Greece Trip Report and Philcon Convention Reports (comments by Evelyn C. Leeper):

My trip report on our vacation to Greece earlier this year is available at:

http://leepers.us/evelyn/trips/greece17.htm

My con reports for Philcon 2015 and Philcon 2016 are available at:

http://leepers.us/evelyn/conventions/phil15.htm
http://leepers.us/evelyn/conventions/phil16.htm

[-ecl]


Grocery of the Living Dead (comments by Mark R. Leeper):

Evelyn goes to a grocery store called Aldi that seems to attract people to the store. Any time we go in we see these people wandering the aisles listlessly. (I guess a few have shopping lists.) But I look at them and ask myself, "Aldi lonely people, where do they all come from?" [-mrl]


Of Kangaroos and Thinking Cars (comments by Mark R. Leeper):

I remember hearing long ago that Australia had a serious traffic hazard in places where you might least expect a traffic hazard. The problem is something we could call kangaroo manners. If a kangaroo intends to cross a road he/she will carefully walk (bounce?) up to the road safely on his side of the road. The roo will very politely look both ways and then will bound across the road regardless of anything that is coming. Kangaroos assume that anybody else will watch out for them. Why not? They are bouncing along on this flat land. They are nice and visible and the masters of creation in these parts. It is just part of driving in Australia that the driver knows that he/she needs to watch out for kangaroos. The kangaroo may do just about anything when crossing a road so the driver has to be prepared for just about anything. Sometimes that is possible and sometimes it is not. That is why in Australia 90% of car collisions involve a kangaroo doing something stupid.

Well, this sounds like a cute little animal story. It really is a story about technology. Recently something happened that constituted a new threat to kangaroos. The new thing in their lives is the driverless car. There are lots of animals that might be hit and injured by driverless cars. But there is software in the driverless car system that knows how to avoid all of the common breeds of moving wildlife. If an emu steps in front of an approaching driverless car the software guiding the car knows an evasive maneuver so car, passengers, and emu all will get home that night and the emu will have a heroic story to tell its family of how it beat one of those... those funny shiny things... You know.

Anyway, the problem that Volvo engineers are having is that the kangaroo has a distinctly different behavior from just about any other animal.
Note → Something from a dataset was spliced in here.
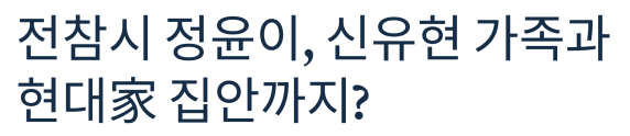 정윤이, 전참시 출연 이후 누리꾼들의 궁금증 폭발MBC 예능 '전지적 참견 시점'에출연한 정윤이 씨가 화제를 모으고 있습니다.특히 그녀의 가족관계, 현대차 그룹과의 연관성,그리고 신유현 선수의 어머니라는 점까지알려지며 뜨거운 관심을 받고 있는데요.기사 제목만으로도 이미 수많은 네티즌들의 추측과 호기심을자극하고 있는 정윤이 씨의 스토리,지금부터 차근차근 짚어보겠습니다.전참시 출연으로 화제의 중심에 선 정윤이방송 한 번에 분위기가 바뀌었습니다.정윤이 씨가 전참시에 등장하자마자 각종포털 실시간 검색어에 이름이 오르며 주목을 받았죠.그녀의 등장 이후 ‘정의선 누나’, ‘신유현 엄마’,‘현대家 딸’ 등 다양한 키워드가 넘쳐나기 시작했고요.현대家와의 관계? 확인되지 않은 정보들가장 이목을 끈 건 그녀가 현대차 그룹..

Well, you can guess it if you just look at one, with those weird back legs and the I-don't-care look in its eyes. And those legs are the key to the whole problem. Most animals pace or run. Kangaroos bounce. The car judges where the animals it sees are by how the leg moves forward and back over the ground. A kangaroo's legs do not move forward and back. They go up and down. On dry land a kangaroo cannot move his/her hind legs apart from each other. The two legs act as one and the tail is used for balance. It is basically a different means of locomotion. It is very hard to associate the leg with a point on the ground. I bet your current car does not have a kangaroo tracking system. In the future it will.

So maybe Volvo engineers can figure out how their cars can react safely in the presence of a hopping crazy roo. Does that mean your Toyota in Canada will have to know how to react to kangaroos in Australia? After all you may want to ship your car to Australia and to drive it there. It will need the kangaroo software package.

I wonder how many other breeds of animal will all cars have to know about.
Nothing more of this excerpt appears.